- **Data shown**:
[Start of Attachment]
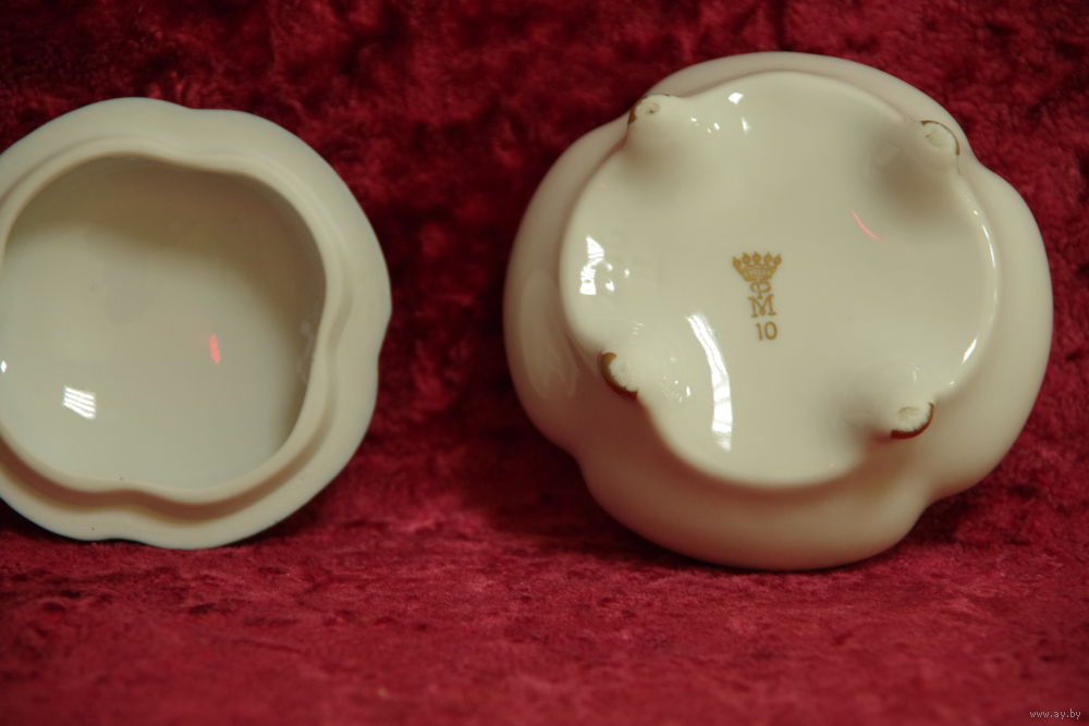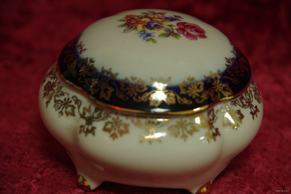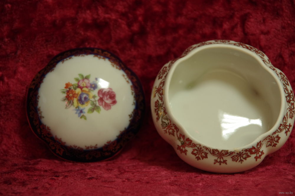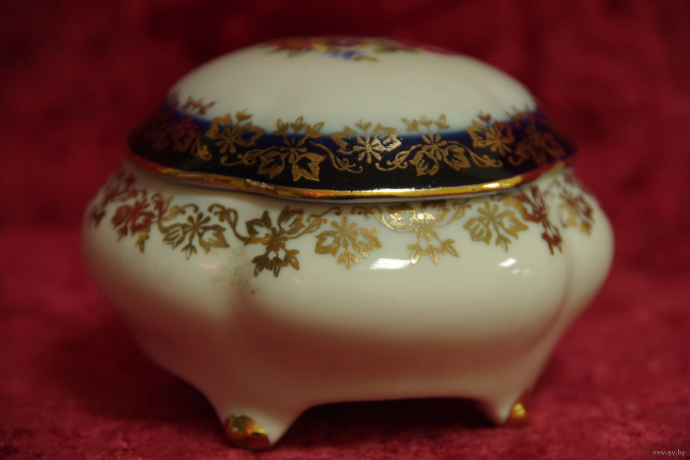 Шкатулка фарфоровая ( диаметр 9 см , высота 6 см ) целая
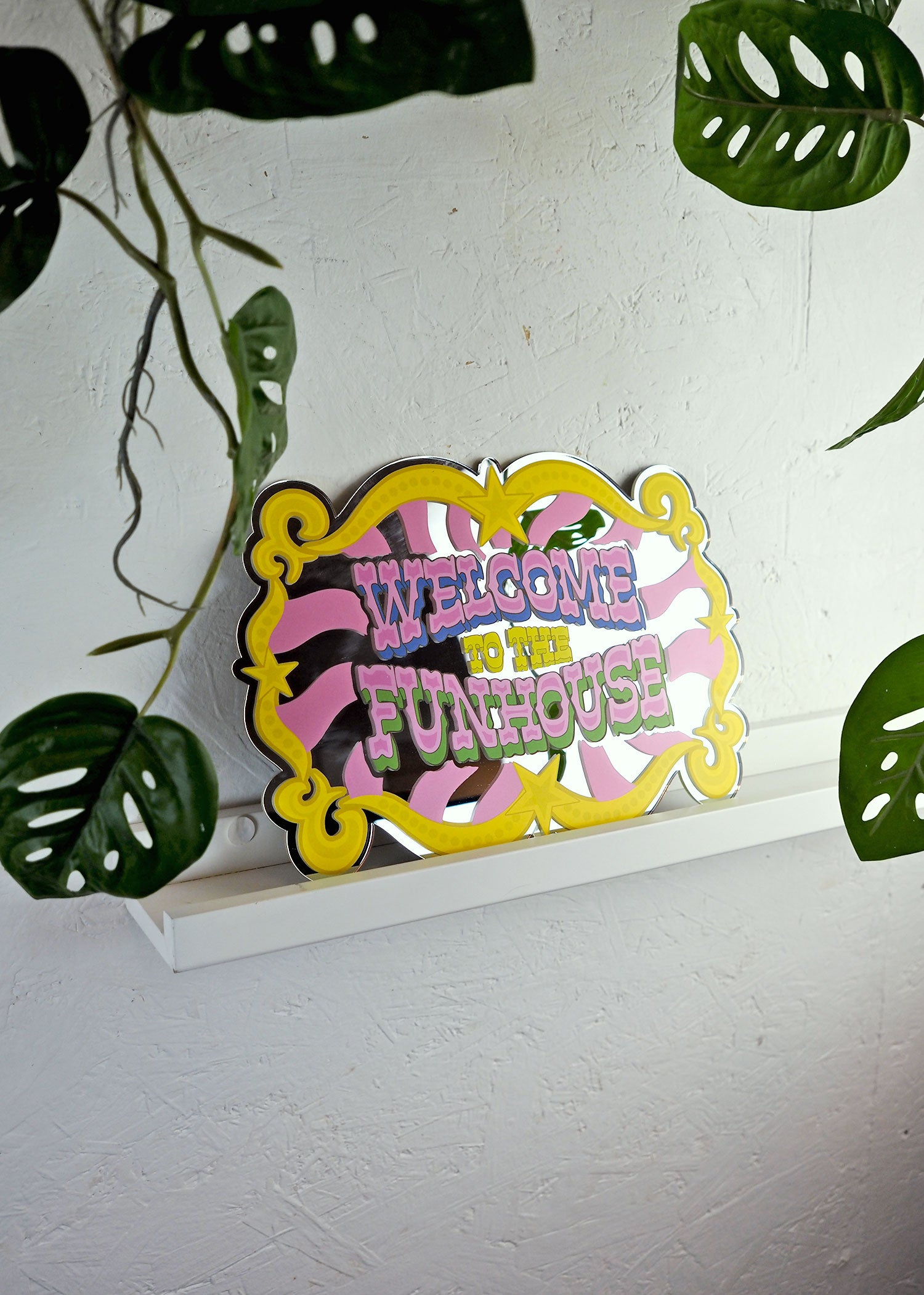 Step right up and add a splash of vintage carnival charm to your space with our Welcome to the Funhouse Mirror! This eye-catching mirror is shaped like a classic funhouse sign, featuring bold retro colors and playful typography that instantly brighten up any room.  Choose between 2 different colourways - pink & orange or lilac and green!
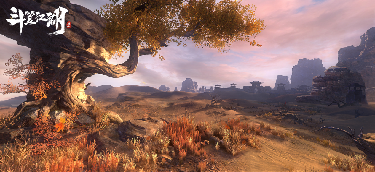 另一方面,研发团队对于《斗笠江湖》的游戏场景、台词对白等细节内容,也都做了不少对应时代背景的考究。例如游戏当中名为「龙门卫」的主城,灵感就来源于明朝时期的“卫所”军事制度,部分地图则借鉴了敦煌古城、江南水乡等现实场景。配合PBR材质效果,闯荡江湖同时,玩家也可以借此领略到祖国河山的旖旎风光。
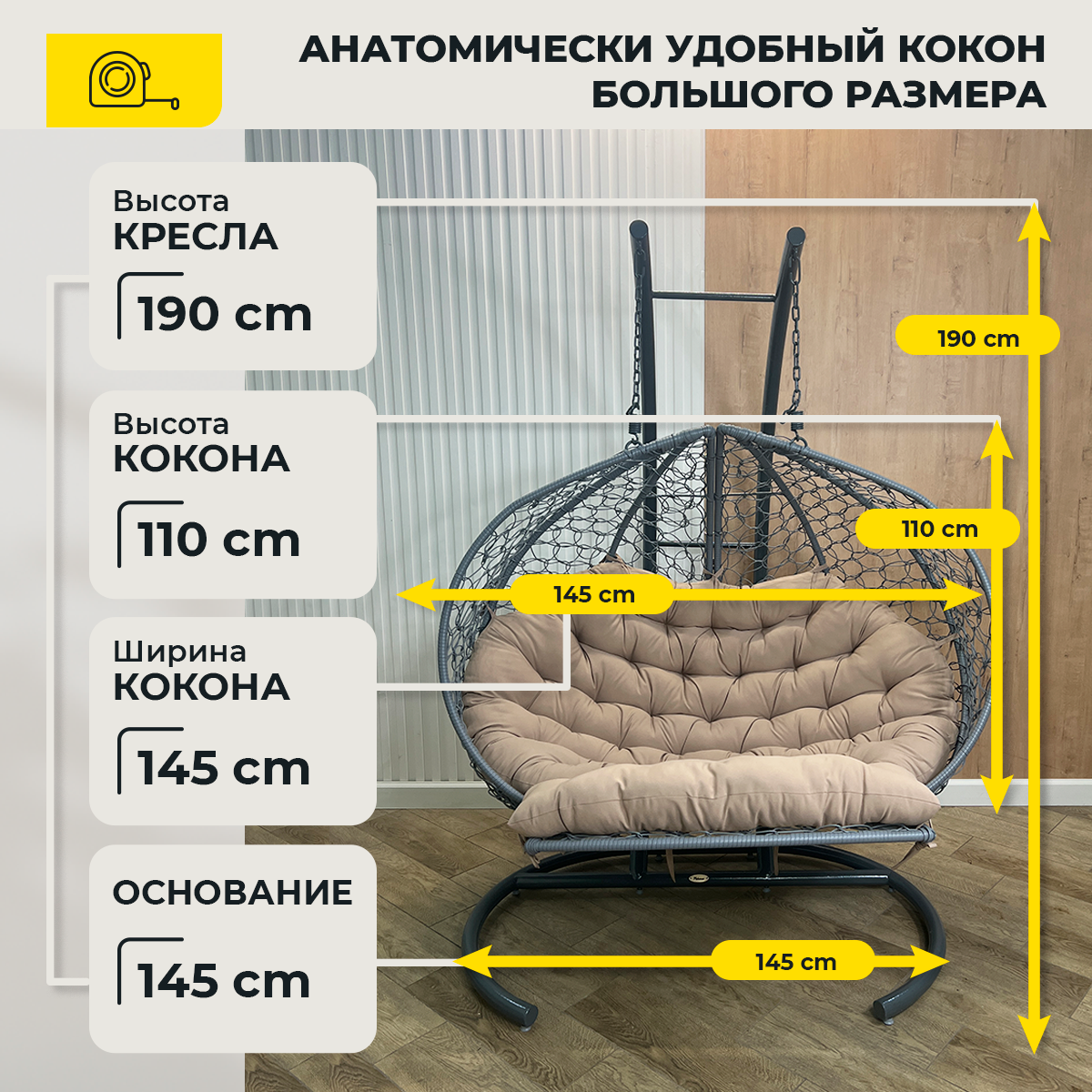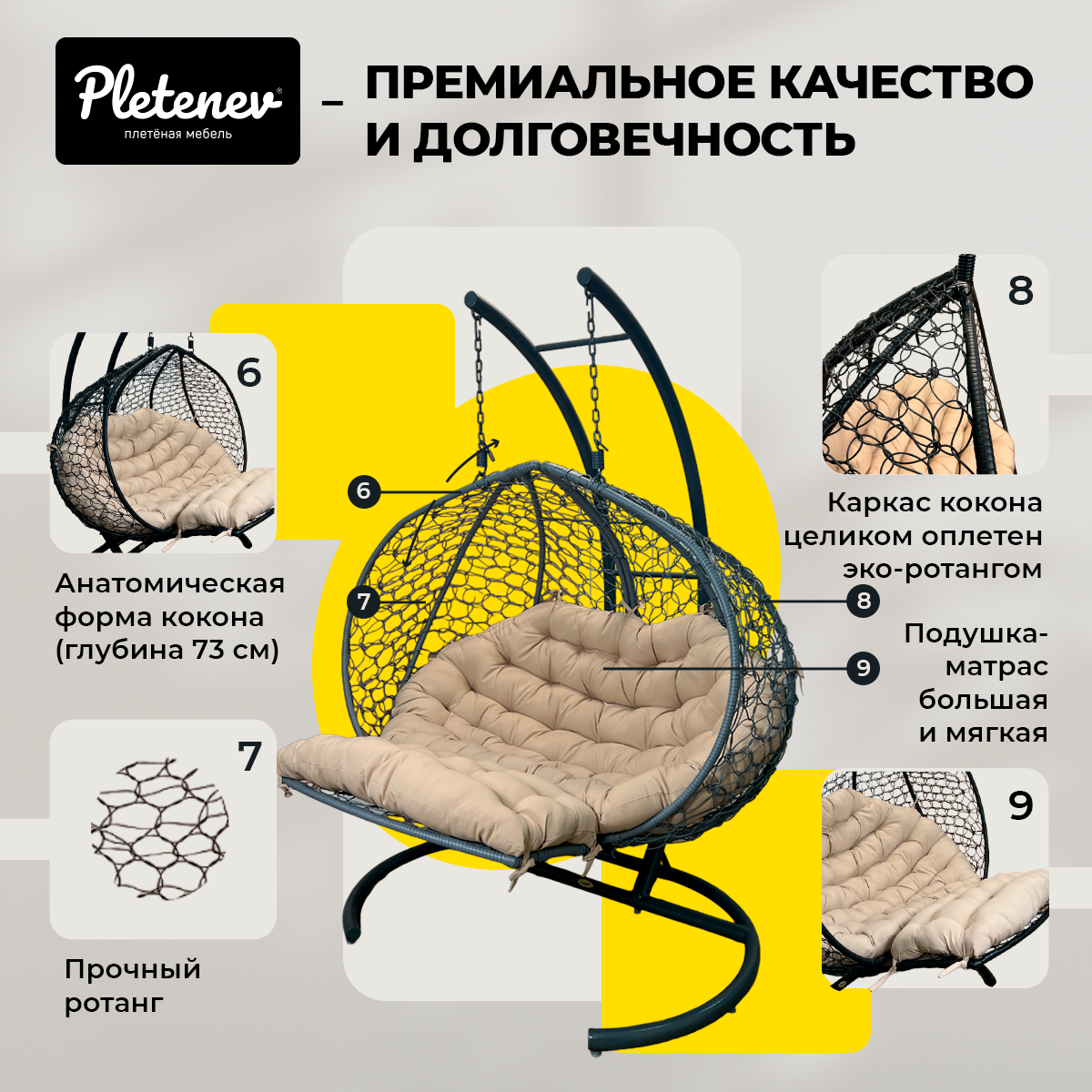 Подвесное кресло Pletenev Двухместное с водоотталкивающей уличной подушкой
[End of Attachment]
Could you repeat the listing above exactly, omitting its pictures?

 Шкатулка фарфоровая ( диаметр 9 см , высота 6 см ) целая
 Step right up and add a splash of vintage carnival charm to your space with our Welcome to the Funhouse Mirror! This eye-catching mirror is shaped like a classic funhouse sign, featuring bold retro colors and playful typography that instantly brighten up any room.  Choose between 2 different colourways - pink & orange or lilac and green!
 另一方面,研发团队对于《斗笠江湖》的游戏场景、台词对白等细节内容,也都做了不少对应时代背景的考究。例如游戏当中名为「龙门卫」的主城,灵感就来源于明朝时期的“卫所”军事制度,部分地图则借鉴了敦煌古城、江南水乡等现实场景。配合PBR材质效果,闯荡江湖同时,玩家也可以借此领略到祖国河山的旖旎风光。
 Подвесное кресло Pletenev Двухместное с водоотталкивающей уличной подушкой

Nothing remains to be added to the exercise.